There are a few guidelines to always follow when planting a bare root fruit tree.
- Dig a hole about twice as wide as the root system requires. This will loosen the surrounding soil making it easier for roots to develop an outward growing pattern during the first year.
- The hole should be just deep enough to place the roots in while keeping the graft union above the soil level. If you make the hole too deep the tree will settle possibly putting the graft union below the soil line over time.
- Do not replace the soil taken from the hole with other top soil, sphagnum moss, or manure. If your soil lacks phosphorus it is ok to mix 1-2 lbs per tree of triple super phosphate. If your soil lacks potassium apply 1-2 lbs of muriate of potash per tree in the soil in the bottom of the hole.
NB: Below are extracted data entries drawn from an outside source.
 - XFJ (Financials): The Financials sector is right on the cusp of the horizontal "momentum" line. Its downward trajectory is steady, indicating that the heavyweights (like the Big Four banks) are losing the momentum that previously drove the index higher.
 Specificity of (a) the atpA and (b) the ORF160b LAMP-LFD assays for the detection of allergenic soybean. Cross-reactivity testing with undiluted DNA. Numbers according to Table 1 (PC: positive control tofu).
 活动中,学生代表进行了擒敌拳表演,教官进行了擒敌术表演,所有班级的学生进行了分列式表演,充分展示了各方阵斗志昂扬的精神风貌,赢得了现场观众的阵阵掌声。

- When placing the tree in the hole spread the roots out in all directions. If you make a pyramid of soil in the bottom of the hole it will help keep the roots spread while you back fill and plant the tree.
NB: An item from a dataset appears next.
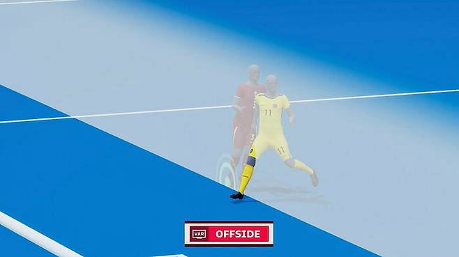 맨눈으로는 오프사이드 여부를 확인하기가 어려웠으나, 이내 경기장 전광판에 떠오른 반자동 시스템이 화면을 잡아냈습니다.
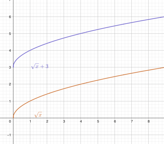 Zauważ, że wykres funkcji g jest przesunięciem wykresu funkcji f o 3 jednostki w górę.

Don't put any nitrogen fertilizer in the planting hole. And during the first year allow the tree to grow for several months before applying nitrogen fertilizer on the surface of the soil. This will keep you from burning the young tender roots. Eventually applying three-quarters of a cup of urea (46-0-0), or one and three-quarters of a cup of ammonium sulfate (21-0-0) to each tree will be fine. Adding 5-10 lbs of aged manure or compost per tree is also recommended. Fresh manure will burn roots of your new tree. Generally spreading fertilizer at the drip line of the tree is a good practice. And, remember to water in the fertilizer.
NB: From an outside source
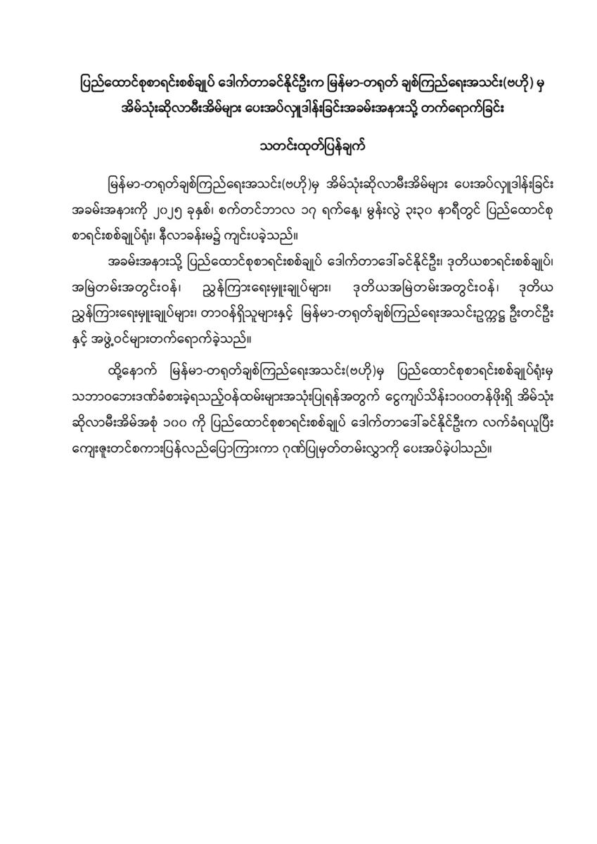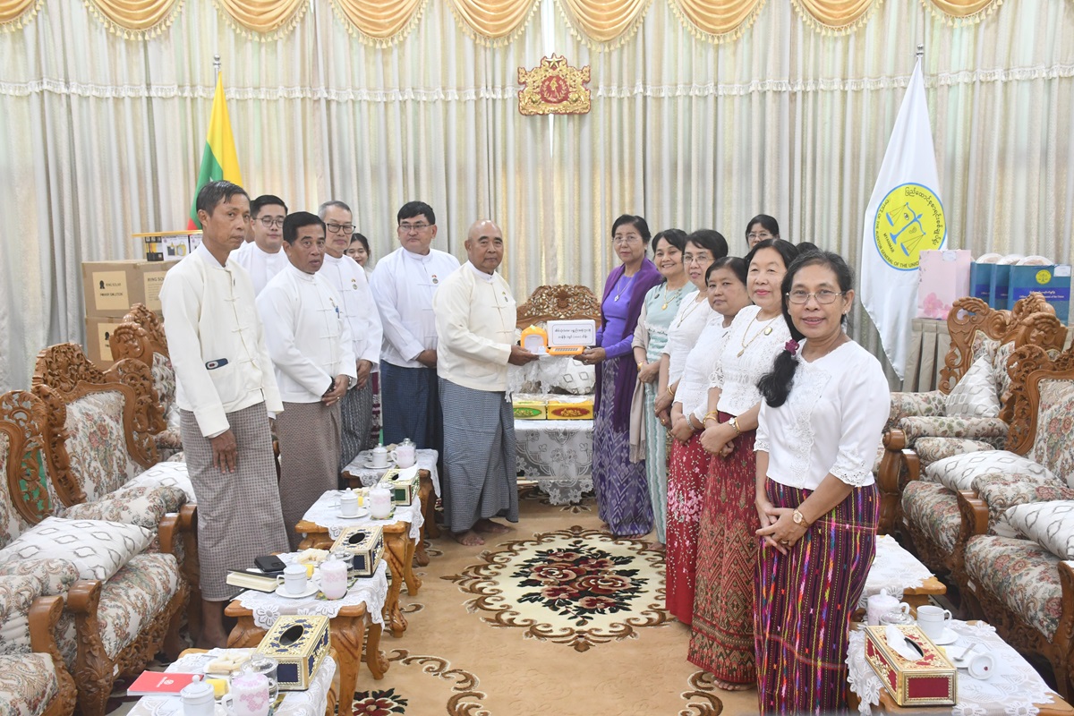 ပြည်ထောင်စုစာရင်းစစ်ချုပ် ဒေါက်တာခင်နိုင်ဦးက မြန်မာ-တရုတ် ချစ်ကြည်ရေးအသင်း(ဗဟို) မှ အိမ်သုံးဆိုလာမီးအိမ်များ ပေးအပ်လှူဒါန်းခြင်းအခမ်းအနားသို့ တက်ရောက်ခြင်း

During the first year in the ground your fruit tree should be monitored for insect pests that attack the tree. Watch for borers working near the graft union, or insects that reduce leaf area in the canopy. Keeping weeds away from your new trees will also reduce competition for water and nutrients and eliminate cover for voles. Trapping may be necessary if your orchard attracts gophers and ground squirrels. Moles may leave a number of mounds in your orchard but they are not eating the roots. Moles are eating worms, grubs and other soil dwelling insects.
Plant diseases can be a problem for young trees in Western Oregon . Apply fungicides to keep fungal problems like apple scab, anthracnose, and peach leaf curl to a minimum. Dormant and growing season sprays with copper sulfate will also help to fight bacterial blight (pseudomonas) a difficult disease for cherries, and peaches in Western Oregon.